• Aim of the task
Could you return all of the entries word for word, minus any pictures?
◆ ◆ ◆ ◆ ◆
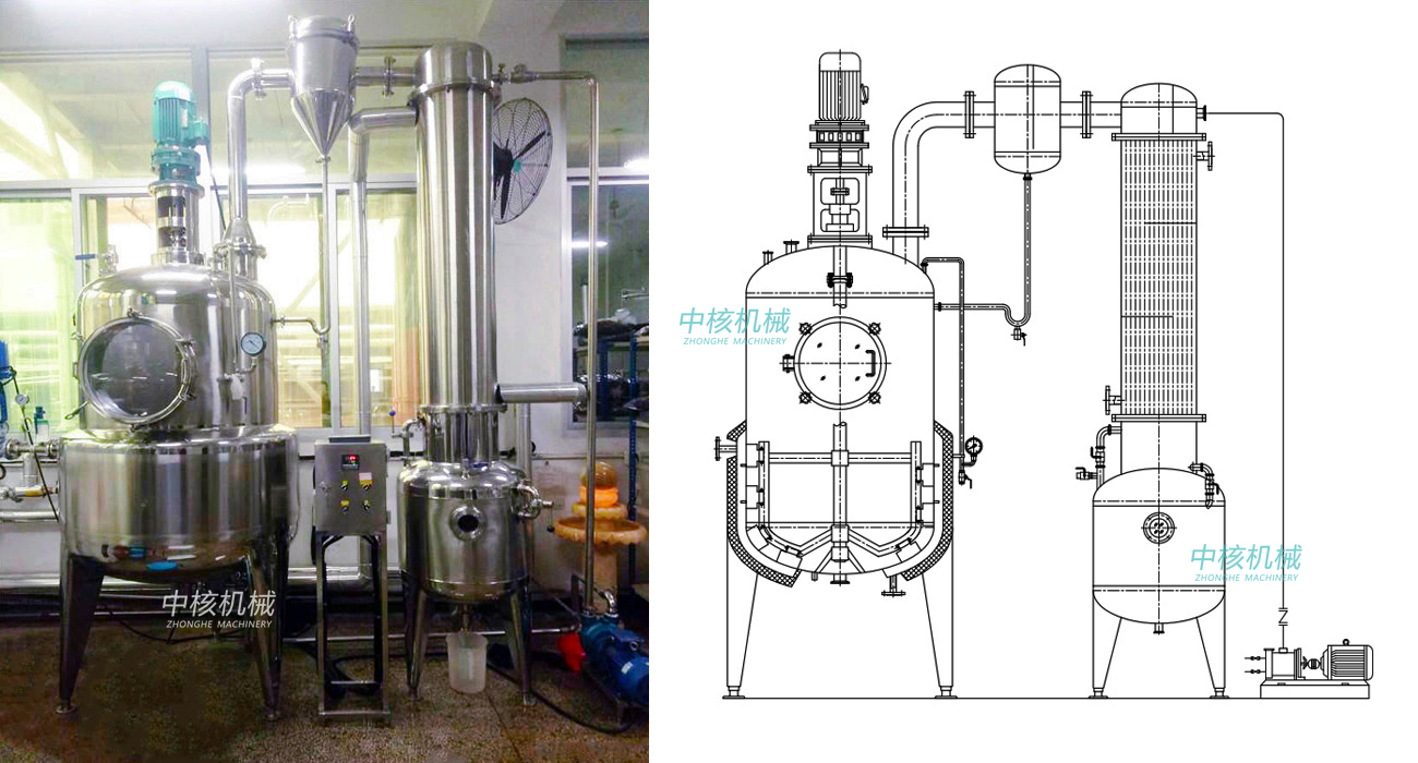 刮板濃縮罐常用于醇提液、醇沉液等物料的蒸發(fā)濃縮及多種物料的熱敏性低溫濃縮,具有時(shí)間短速度快的特點(diǎn),可一機(jī)多用,進(jìn)行常壓、減壓濃縮、收膏等操作。
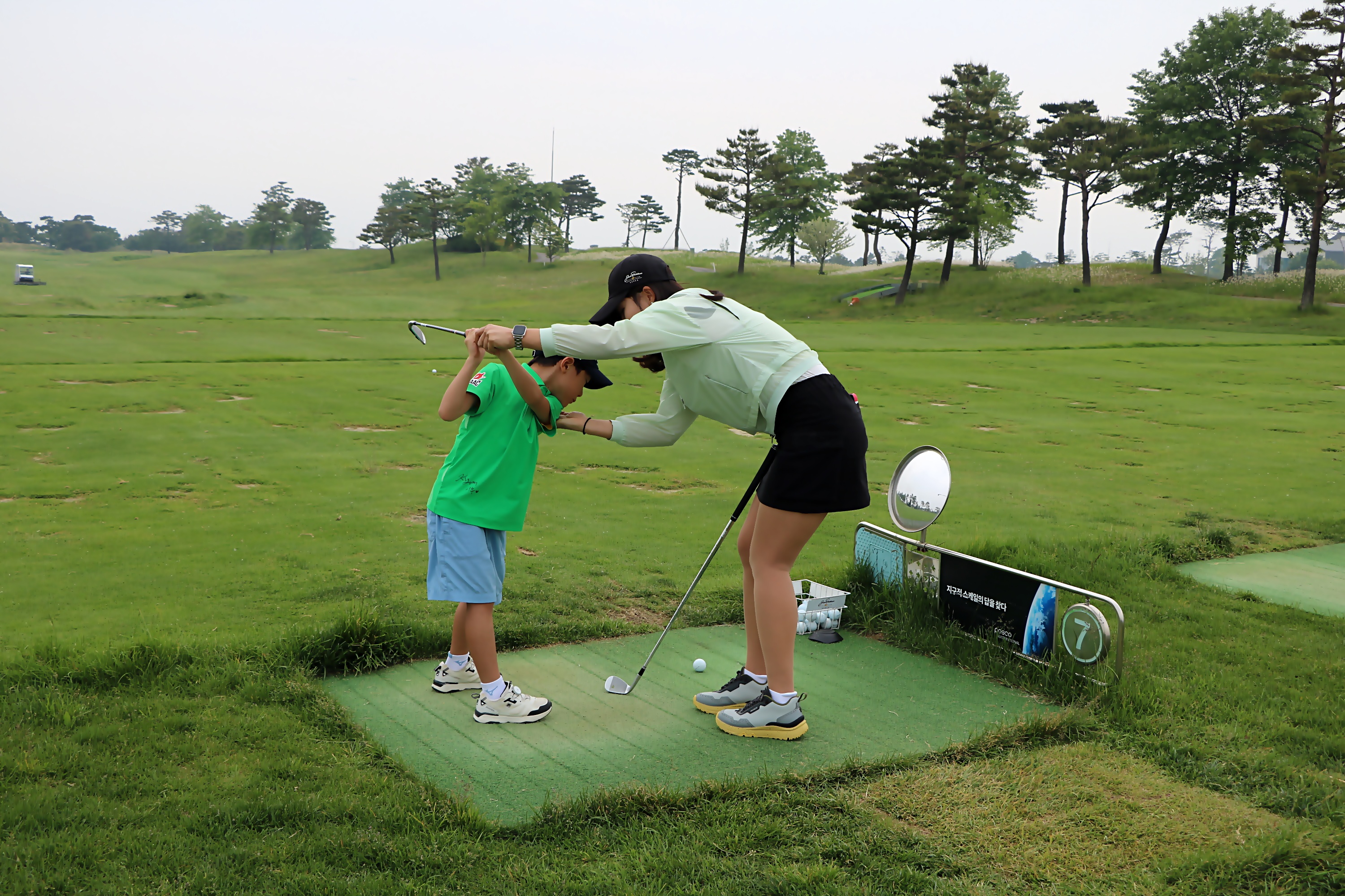 톱스윙 자세를 교정해주고 계신 서유정 프로님
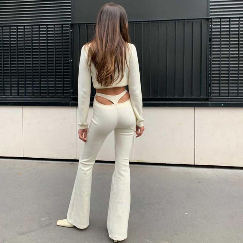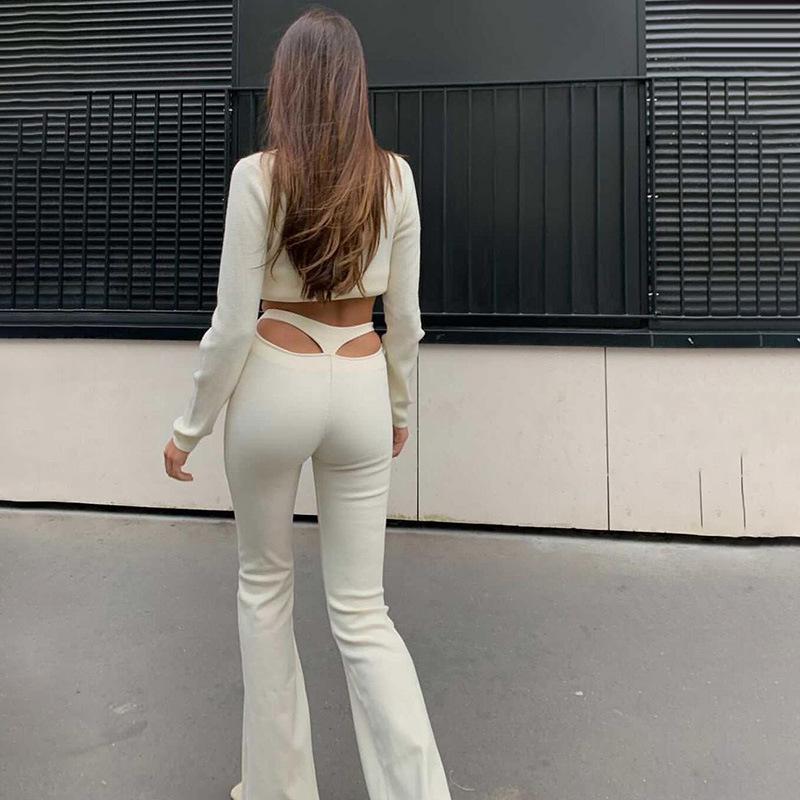 Pantalones acampanados de color sólido de cintura alta sexy europeos y americanos de poesía Meiluo, pantalones casuales delgados elásticos de moda nuevos de otoño para mujer
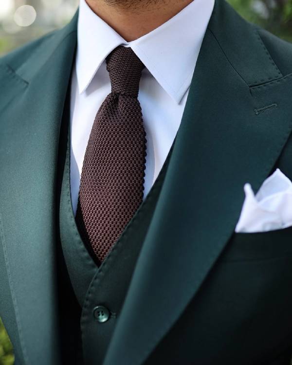 The best thing to wear with this two-piece suit is a white shirt and a bright pocket square to emphasise the classy dark green colour. Provide accessories with polished black or brown shoes to achieve the optimal balance between being traditional and being trendy.
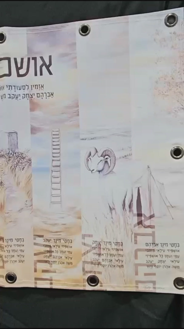 Add elegance and meaning to your סוכה with this stunning Silver Al Hamichya Sukkah decoration by artist Batya Silver. Featuring the full Hebrew text of the על המחיה blessing and rich hand-painted style, this weatherproof vinyl poster is perfect for indoor or outdoor use. Easy to hang and ideal for enhancing your Sukkot décor with beauty and tradition.
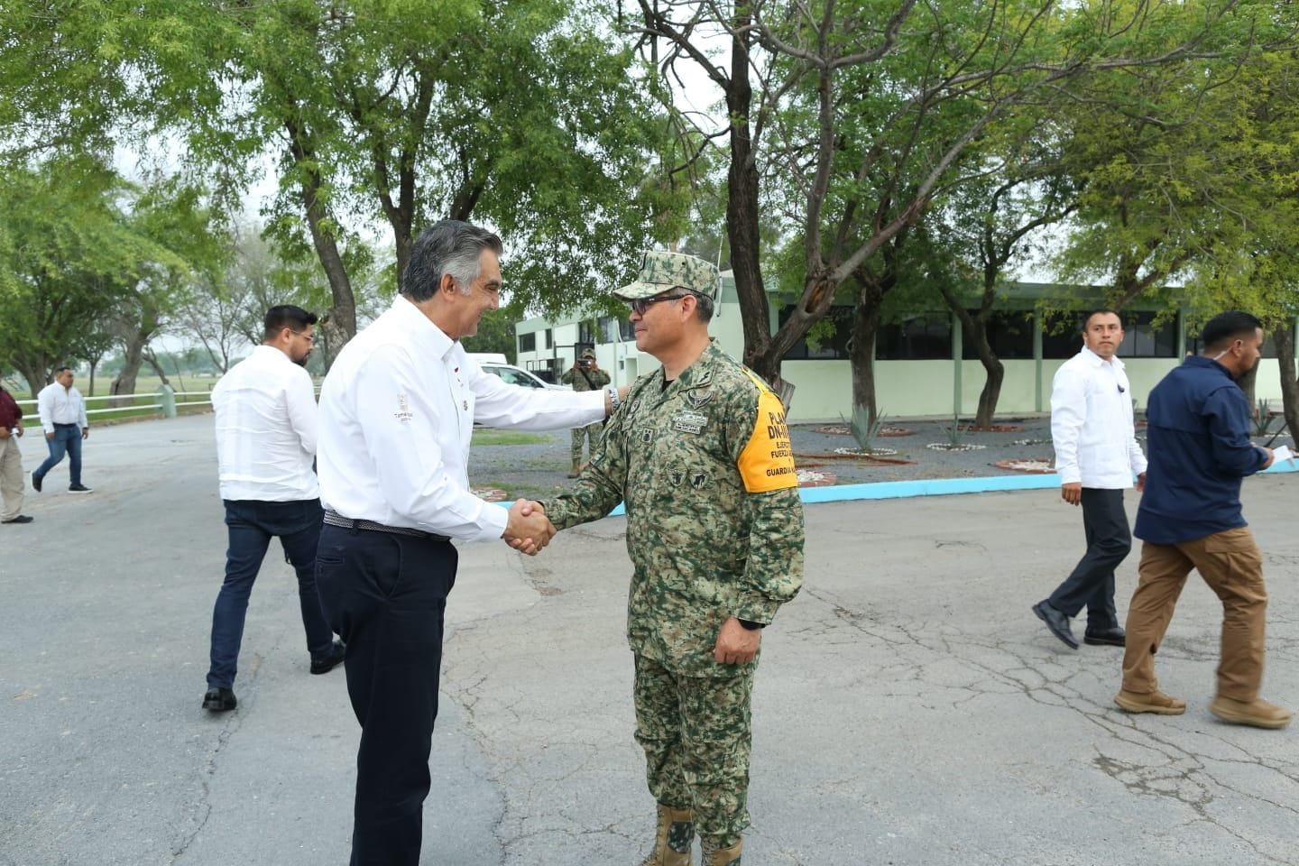Acompañaron al gobernador el general Juan José Gómez Ruiz, comandante de la IV Región Militar; el general Fernando Colchado Gómez, comandante de la 8/a Zona Militar; el general Enrique García Jaramillo, comandante de la 48/a Zona Militar; el contralmirante Víctor Manuel Salas Hernández, comandante del Sector Naval Matamoros, y el coronel Milton Carlos Pantaleón Rocha, comandante del XII Batallón de la Guardia Nacional.
◆ ◆ ◆ ◆ ◆
• Response for this exercise
 刮板濃縮罐常用于醇提液、醇沉液等物料的蒸發(fā)濃縮及多種物料的熱敏性低溫濃縮,具有時(shí)間短速度快的特點(diǎn),可一機(jī)多用,進(jìn)行常壓、減壓濃縮、收膏等操作。
 톱스윙 자세를 교정해주고 계신 서유정 프로님
 Pantalones acampanados de color sólido de cintura alta sexy europeos y americanos de poesía Meiluo, pantalones casuales delgados elásticos de moda nuevos de otoño para mujer
 The best thing to wear with this two-piece suit is a white shirt and a bright pocket square to emphasise the classy dark green colour. Provide accessories with polished black or brown shoes to achieve the optimal balance between being traditional and being trendy.
 Add elegance and meaning to your סוכה with this stunning Silver Al Hamichya Sukkah decoration by artist Batya Silver. Featuring the full Hebrew text of the על המחיה blessing and rich hand-painted style, this weatherproof vinyl poster is perfect for indoor or outdoor use. Easy to hang and ideal for enhancing your Sukkot décor with beauty and tradition.
Acompañaron al gobernador el general Juan José Gómez Ruiz, comandante de la IV Región Militar; el general Fernando Colchado Gómez, comandante de la 8/a Zona Militar; el general Enrique García Jaramillo, comandante de la 48/a Zona Militar; el contralmirante Víctor Manuel Salas Hernández, comandante del Sector Naval Matamoros, y el coronel Milton Carlos Pantaleón Rocha, comandante del XII Batallón de la Guardia Nacional.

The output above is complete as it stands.